Wednesday, July 11, 2012

Kindness has converted more sinners than zeal, eloquence, or learning

“Far better it is for you to say: "I am a sinner," than to say: "I have no need of religion." The empty can be filled, but the self-intoxicated have no room for God.”  - Fulton J. Sheen

(Gospel text: Mt 10:1-7)
Jesus summoned his Twelve disciples
and gave them authority over unclean spirits to drive them out
and to cure every disease and every illness.
The names of the Twelve Apostles are these:
first, Simon called Peter, and his brother Andrew;
James, the son of Zebedee, and his brother John;
Philip and Bartholomew,
Thomas and Matthew the tax collector;
James, the son of Alphaeus, and Thaddeus;
Simon the Cananean, and Judas Iscariot
who betrayed Jesus.

Jesus sent out these Twelve after instructing them thus,
"Do not go into pagan territory or enter a Samaritan town.
Go rather to the lost sheep of the house of Israel.
As you go, make this proclamation: 'The Kingdom of heaven is at hand.'"

What a motley bunch they were, those Twelve whom Jesus called.

Jesus chose Peter. Peter later denied Jesus in the courtyard of the high priest (Matt 26:69-75). He wasn’t faithful. He lacked the courage to take a stand in public. Also he was impetuous and would say and do things without thinking.

Jesus chose Andrew, Peter’s brother. In John 6:9, before the multiplication of the loaves and fish Andrew said to Jesus, “There is a boy here who has five barley loaves and two fish; but what good are these for so many?” Andrew would still have much to learn about Jesus.

Jesus called James and John. They were in a boat mending nets with their father Zebedee. Immediately they left everything and followed Jesus leaving their father in the boat. (Matt 4:21) But we discover later they were following Jesus for the wrong reason, they were looking for their own glory. “Grant that in your glory we may sit one at your right and the other at your left.” In college we had a saying, that they were only in it for the beer. 


Jesus called Bartholomew but we know no more about him. He is mentioned as one of the Twelve but we are not told anything he said or did. (Matt 10:3; Mark 3:18; Luke 6:14; Acts 1:13)  Perhaps he was a timid man of few words who struggled to overcome shyness.  

Jesus called Matthew (Matt 9:9). Matthew had a past, he was a tax-collector before Jesus called him. If he were like any of the other tax collectors he would have collected a lot more in taxes from people than he returned to Rome. We can guess that Matthew would have had enemies, many of them.

Jesus called Thomas. But he would only believe in the resurrection of Jesus if he could put his fingers into the wounds the nails made and put his hand into Jesus’ side. (John 20:25) Thomas lacked faith.
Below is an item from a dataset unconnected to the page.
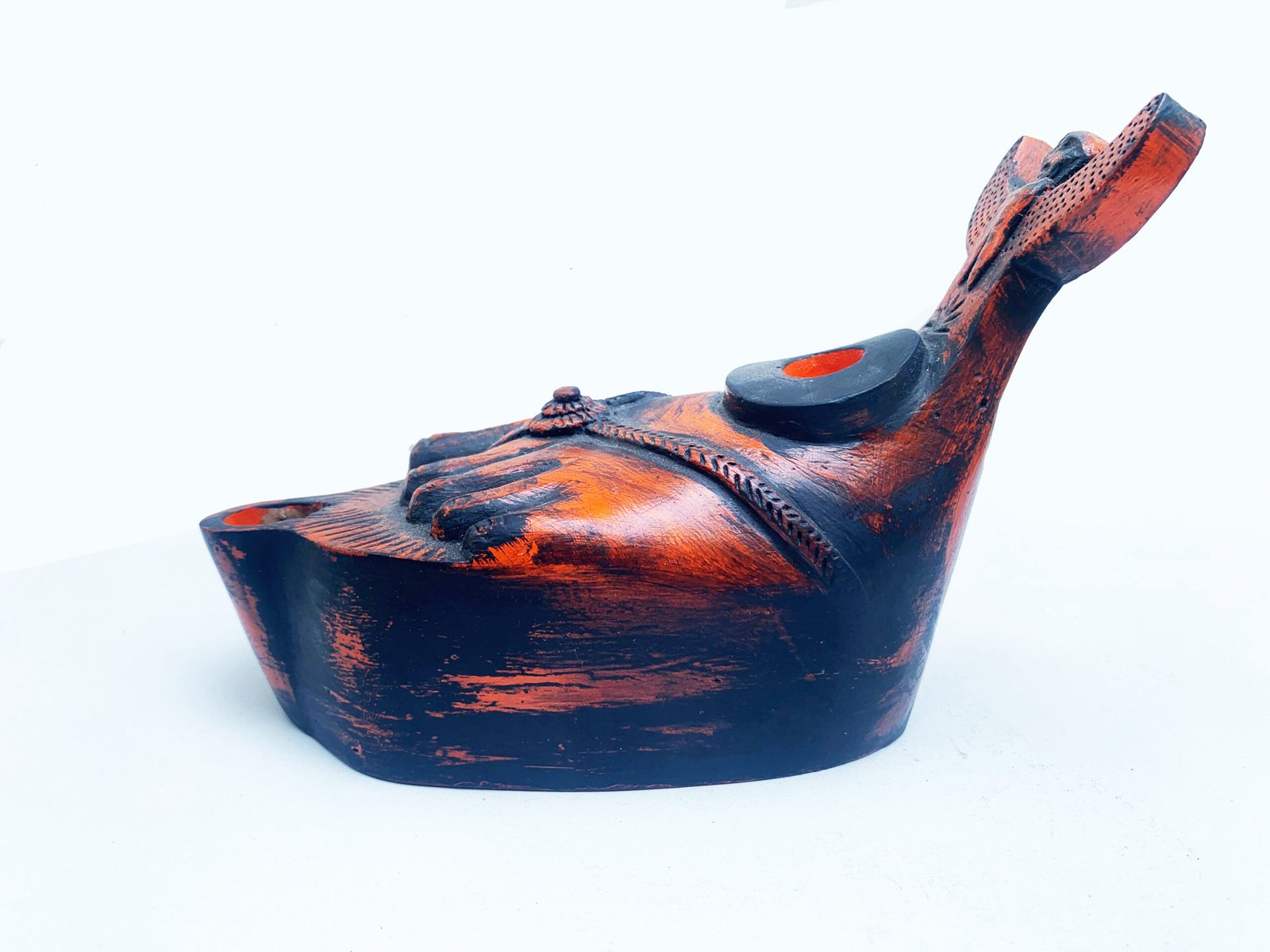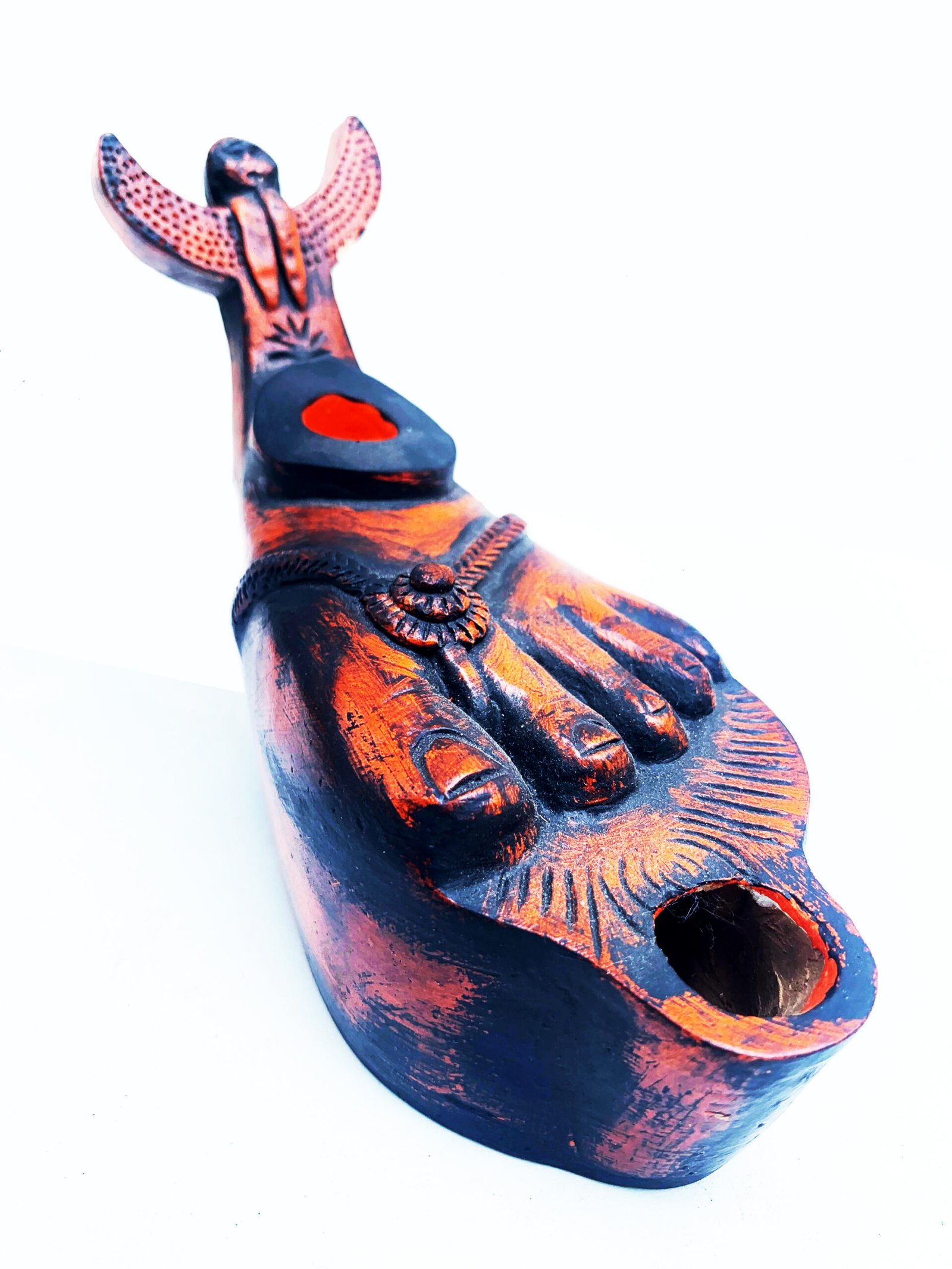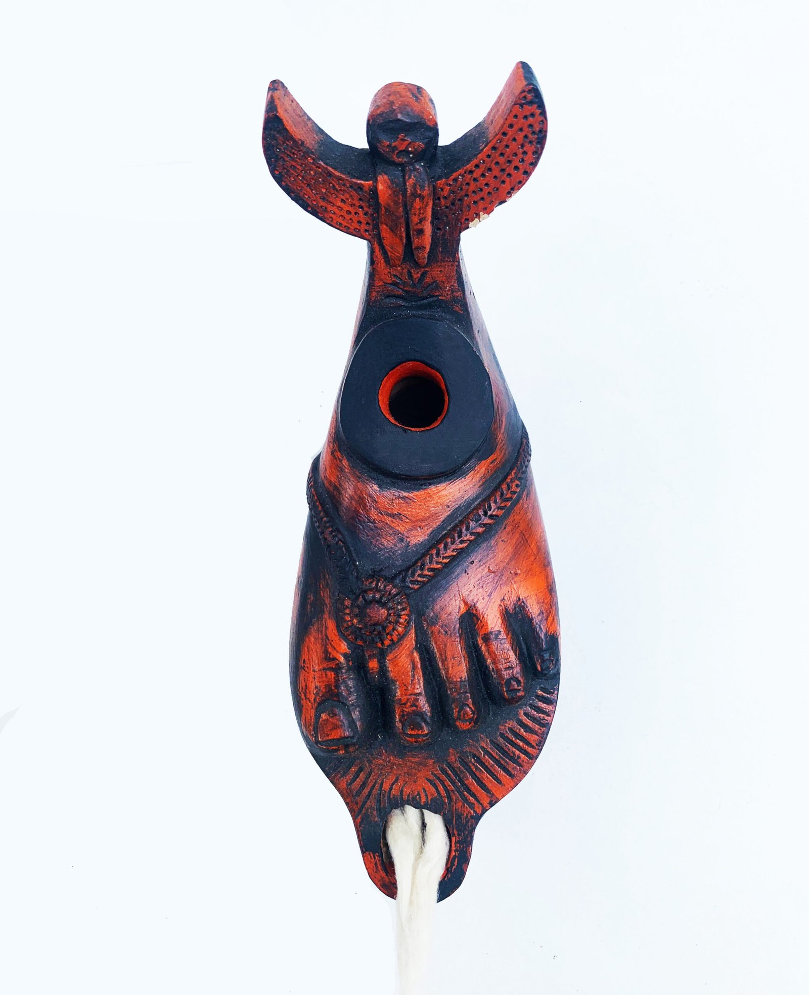 Artificial Lighting was common in the Roman world and fired clay was the most used material. These lamps were fueled with olive oil and other vegetable oils. This piece of oil lamp is a resemblance of a fine piece of Roman sculpture depicting a sandaled foot, with a sphinx or siren forming the handle.
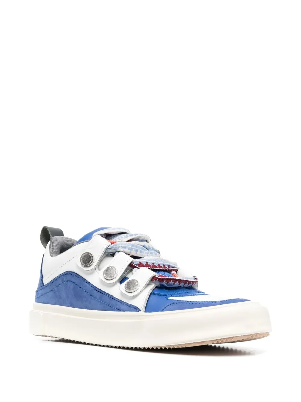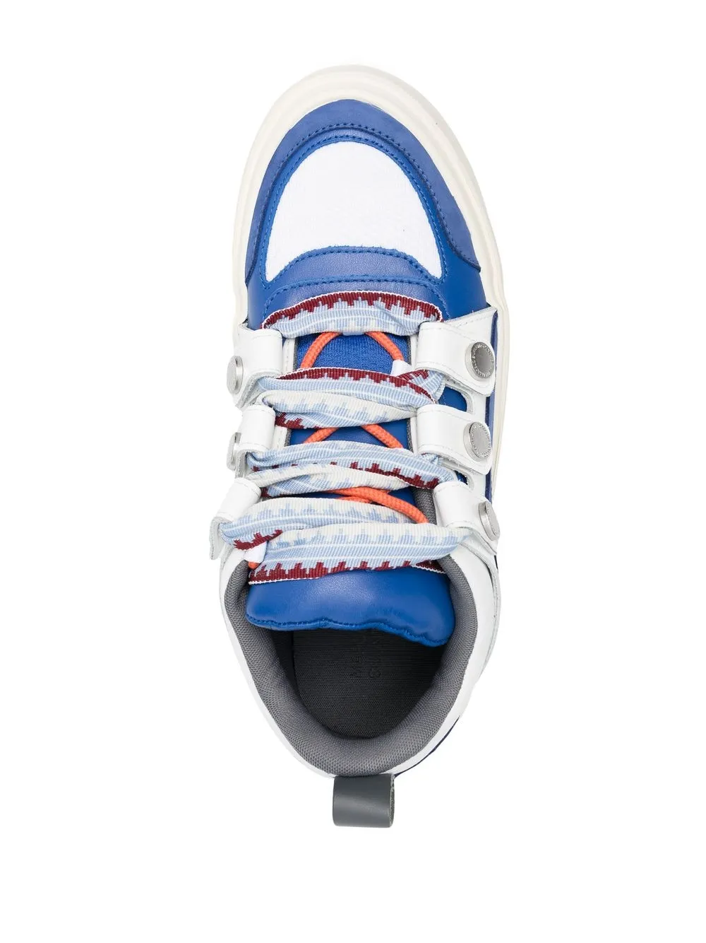 Кобальтово-синий, белый, телячья кожа, смесовый хлопок, вставки, закругленный носок, шнуровка спереди, петля для подтягивания сзади и плоская резиновая подошва.

Where was Thomas on that first Easter Sunday evening? Why wasn’t he with the other apostles?

Jesus called Simon the Zealot. (Luke 6:15) Zealots wanted to achieve Palestinian independence from Roman occupation using military means. Simon did not know that violence achieves nothing but only encourages more violence. He would have much to learn.

Jesus called Judas Iscariot. He later plotted behind Jesus’ back. (Matt 26:14-15) He wanted to force Jesus to bring about his kingdom. He wanted the kingdom on his terms instead of Jesus’ terms. He complained when Jesus’ feet were anointed not because he wanted to give that money to the poor but so that he could steal it for himself. (John 12:4-6)

Do you realize apart from Judas, they all became great men of God!

Today Jesus calls us. Like Peter we lack faith. Like Andrew we have much to learn. Like James and John we are selfish sometimes. Like Matthew we have a past. Like Thomas we doubt sometimes. Seeing that the apostles of limited competence did so much for the Church gives confidence to us. If Jesus could use them he can certainly use us. With the intercession of Jesus for us at the right hand of the Father, by our spending time in prayer, and participating in the Sacraments frequently (Eucharist & Confession) we too can grow from strength to strength and accomplish great things for God and his kingdom.

Believe it, but if you still don't, read about 12 "regular guys" some 2000 years ago that people today are still taking about!